Nie wszyscy od razu chcieli wrócić na zajęcia. Szukaliśmy przyczyny tego stanu. Nie wiedzieliśmy, czy nadal panuje strach, czy oferta jest niedostosowana, a może zmiany w kadrach CKD miały na to wpływ? Musiało minąć kilka miesięcy, by sytuacja się odmieniła. Mam wrażenie, że obecny sezon kulturalny to ten, który naszą działalność usytuował na właściwych torach.
Biorę stuprocentową odpowiedzialność za swoje decyzje, jak choćby wprowadzenie płatnych Bajkobrań. Siłą rzeczy zaczęły się porównania z byłą kierowniczką, co też jest tematem, z którym przyszło mi się mierzyć. A ja postawiłam sobie pytanie, co faktycznie warto utrzymać, a co zmienić. Jednym z przykładów nowości były „Bajkobrania dla Najnajów”, czyli dla najmłodszych dzieci w wieku od pół roku do 3-4 lat. Zachwyciłam się sztuką teatralną dla maluchów i bardzo chciałam wprowadzić ją do CKD.
To zupełnie inny rodzaj spektakli. Na czym one polegają?
Są bardzo familijne.
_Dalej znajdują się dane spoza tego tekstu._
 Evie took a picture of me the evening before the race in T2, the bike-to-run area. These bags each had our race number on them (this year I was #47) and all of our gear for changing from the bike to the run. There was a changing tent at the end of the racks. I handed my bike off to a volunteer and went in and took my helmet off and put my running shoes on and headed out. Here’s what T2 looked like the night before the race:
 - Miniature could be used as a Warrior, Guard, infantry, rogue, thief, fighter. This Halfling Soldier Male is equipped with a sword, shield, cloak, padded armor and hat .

Odbywają się przy aktywnym udziale rodziców. Sprzyja temu nasza wielofunkcyjna sala, w której nie ma wyznaczonych granic sceny i widowni – wszystko odbywa się na jednej płaszczyźnie. Tu kontakt widz-aktor jest zdecydowanie bliższy, a w spektaklu prawie wcale nie występuje słowo mówione. Nastawione jest na ruch, muzykę, światło i budowanie relacji.
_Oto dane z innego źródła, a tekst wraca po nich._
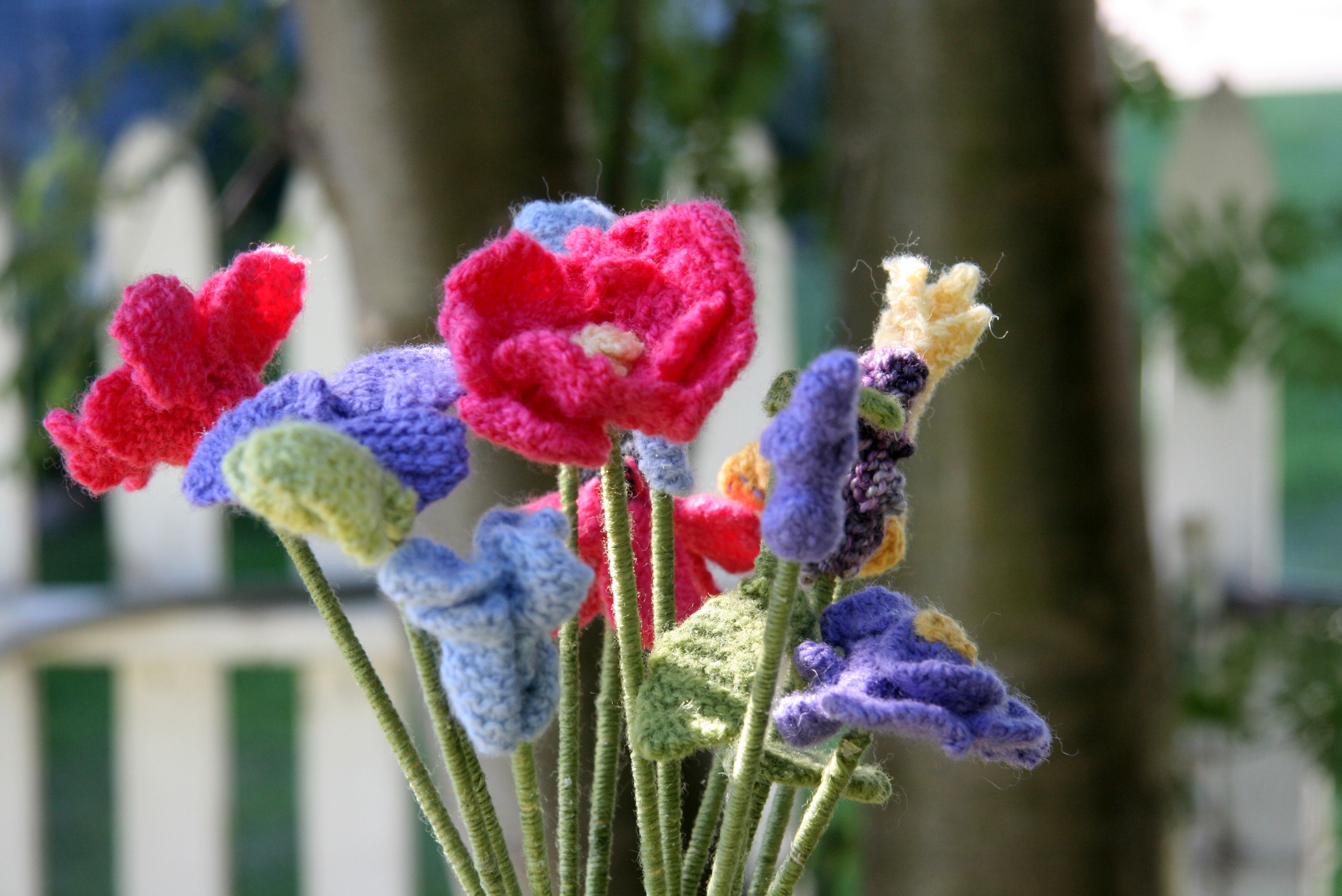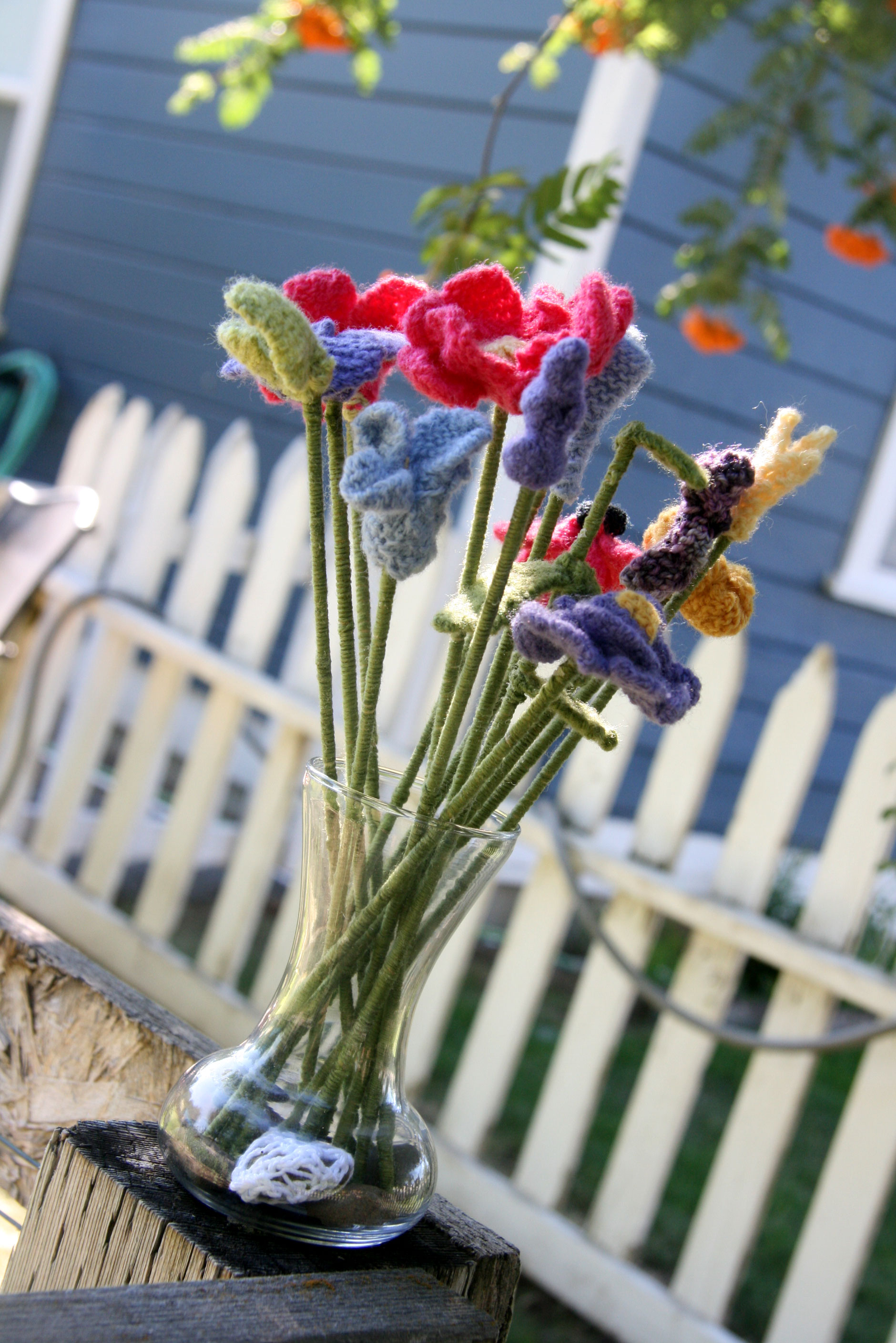 I put the flowers away for awhile. Then the other day, I saw a picture of knitted hearts which had bamboo skewer stems.

Opowiedz, jak budowaliście pozostałe elementy oferty CKD?
To było kolejne wyzwanie. Chciałam ją dopasować z jednej strony do zespołu instruktorów, z których każdy ma inne doświadczenie i wykształcenie. Z drugiej strony staramy się nadążać za panującymi trendami, by zainteresować odbiorców naszymi propozycjami. Korzystamy też z podpowiedzi dzieci.Czasem są to bajki, czasem modna muzyka. Słuchamy, oglądamy, próbujemy zrozumieć zachodzące w młodym społeczeństwie zmiany. Czasem jednak to nasze zabawy, te, w które my się bawiliśmy w dzieciństwie, są hitem.
Zbliża się 15-lecie CKD. Zdradzisz czytelnikom, w jaki sposób będziecie świętować?
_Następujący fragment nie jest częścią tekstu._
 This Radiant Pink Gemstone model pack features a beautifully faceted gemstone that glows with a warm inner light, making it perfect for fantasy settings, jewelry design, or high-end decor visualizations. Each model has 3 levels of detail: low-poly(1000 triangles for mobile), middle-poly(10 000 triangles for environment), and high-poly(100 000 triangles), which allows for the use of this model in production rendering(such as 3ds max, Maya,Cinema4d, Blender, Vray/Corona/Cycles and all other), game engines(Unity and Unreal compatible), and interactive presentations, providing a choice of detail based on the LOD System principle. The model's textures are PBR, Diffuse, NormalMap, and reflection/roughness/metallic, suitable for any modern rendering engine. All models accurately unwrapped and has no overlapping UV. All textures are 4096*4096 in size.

Pracujemy jeszcze nad tym. Być może obchody jubileuszowe będą rozłożone w czasie. Moim celem będzie pokazanie, że CKD funkcjonuje w mieście tyle lat, ale niech to będzie z perspektywy dzieci, które u nas dorastały. Gdy 12 lat temu zaczynałam pracę, to działałam między innymi z trzylatkami. To są obecnie dorośli ludzie. Można powiedzieć, że mamy odchowane jedno pokolenie. Największą nagrodą dla nas jest, gdy uczestnicy naszych zajęć po latach korzystają z oferty MOK-u lub innych instytucji. To daje satysfakcję, że udało nam się zasiać ziarenko potrzeby korzystania z kultury. Innym aspektem jest widzenie CKD jako instytucji odpowiedzialnej za organizację Miejskiego Dnia Dziecka. To jest nasza wizytówka, z którą jesteśmy kojarzeni. Niektórzy nie pamiętają tej imprezy przed powstaniem CKD.
Przed wami jeszcze jedna ważna sprawa, mianowicie remont, który przesuwa się w czasie. Jaki będzie zakres prac i jak bardzo wpłynie na możliwość prowadzenia zajęć?
Remontowane mają być dach i elewacja, wymienione będą drzwi i orynnowanie, odnawiane będą podłogi w dwóch salach. Mam nadzieję, że wszystko zacznie się wtedy, gdy pogoda na to pozwoli. Najbardziej problematyczne będzie odnowienie podłóg w sekretariacie i sali plastycznej. Ta część prac zapewne wstrzyma na jakiś czas możliwość przeprowadzenia warsztatów.
Tymczasem nie czekamy z założonymi rękami i działamy. Właśnie teraz przygotowana została oferta zajęć grupowych, indywidualnych, rodzinnych i Bajkobrań na drugi semestr tego sezonu. Zapraszam do CKD, bo będzie się działo.